Bench Memos

Law & the Courts

This Day in Liberal Judicial Activism—March 7

Justice Anthony Kennedy (Chip Somodevilla/Getty)

2013—Less than three weeks before oral argument in cases challenging the federal Defense of Marriage Act and California’s marriage laws, Justice Anthony Kennedy uses the dedication ceremony of a new court library (the “Anthony M. Kennedy Library and Learning Center”) to distribute a reading list that he has developed for young people.

Entitled “Understanding Freedom’s Heritage: How to Keep and Defend Liberty,” Kennedy’s list runs through many great selections—Pericles’ Funeral Oration, the Magna Carta, Lincoln’s Gettysburg Address and Second Inaugural, Martin Luther King Jr.’s “I Have a Dream”—only to culminate in Kennedy’s own opinion in Lawrence v. Texas (holding that there is a constitutional right to homosexual sodomy).
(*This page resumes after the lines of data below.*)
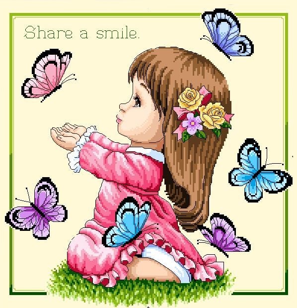 Girl and Fluttering Butterflies Pink - Cross Stitch PDF Downloadable Pattern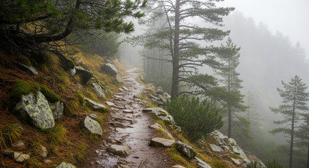 A rugged mountain ridge dominates the scene, its green slopes partially obscured by thick mist and clouds. The natural trail guides the eye across the frame. The image features a cool color palette with soft lighting. Suitable for travel articles, environmental campaigns, or artistic projects.
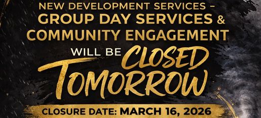 New Development Services – Group Day Services & Community Engagement Services will be CLOSED tomorrow due to severe weather conditions and a tornado watch in our area.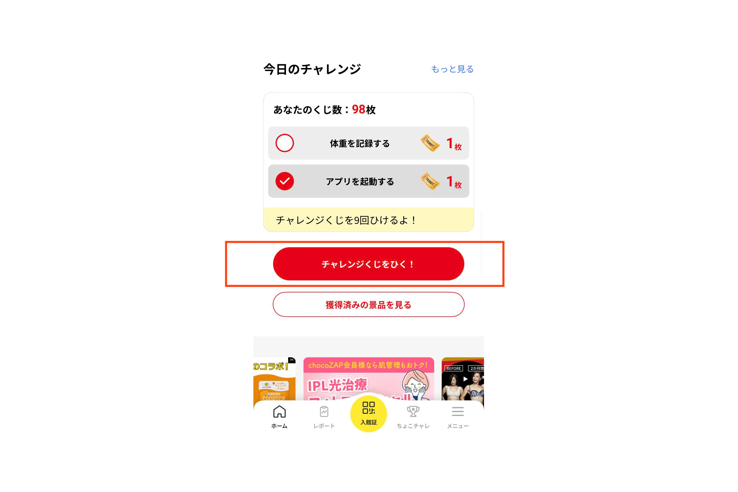 毎日chocoZAPアプリで体重を記録すると、最大限オトクにくじ券を集めることができますよ!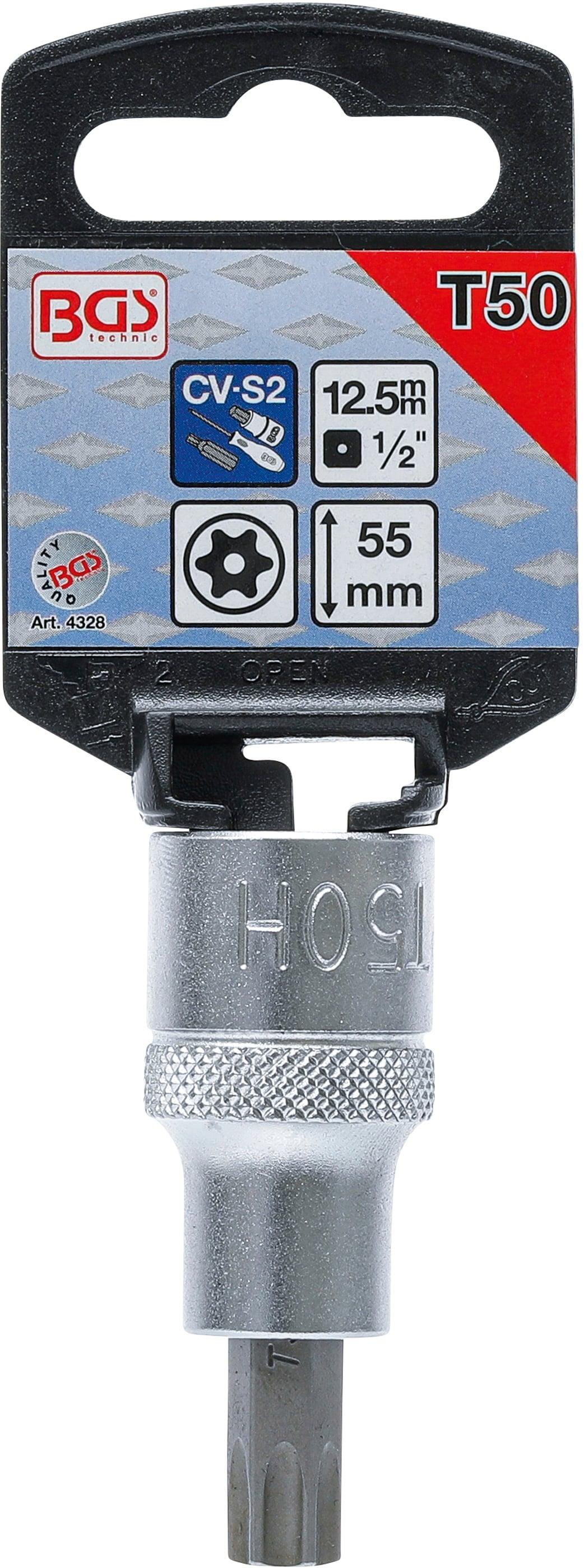 BGS Bit-Einsatz | Antrieb Innenvierkant 12,5 mm (1/2") | T-Profil (für Torx) mit Bohrung T50

2018—In EEOC v. Harris Funeral Homes, a Sixth Circuit panel, in an opinion written by Judge Karen Nelson Moore, rules that Title VII’s ban on discrimination on the basis of “sex” prohibits discrimination on the basis of “transgender or transitioning status”—and that a funeral home therefore had a legal obligation to allow a male employee who “intended to transition from male to female” to dress as a woman while working at funeral services. (The ruling is currently under review in the Supreme Court.)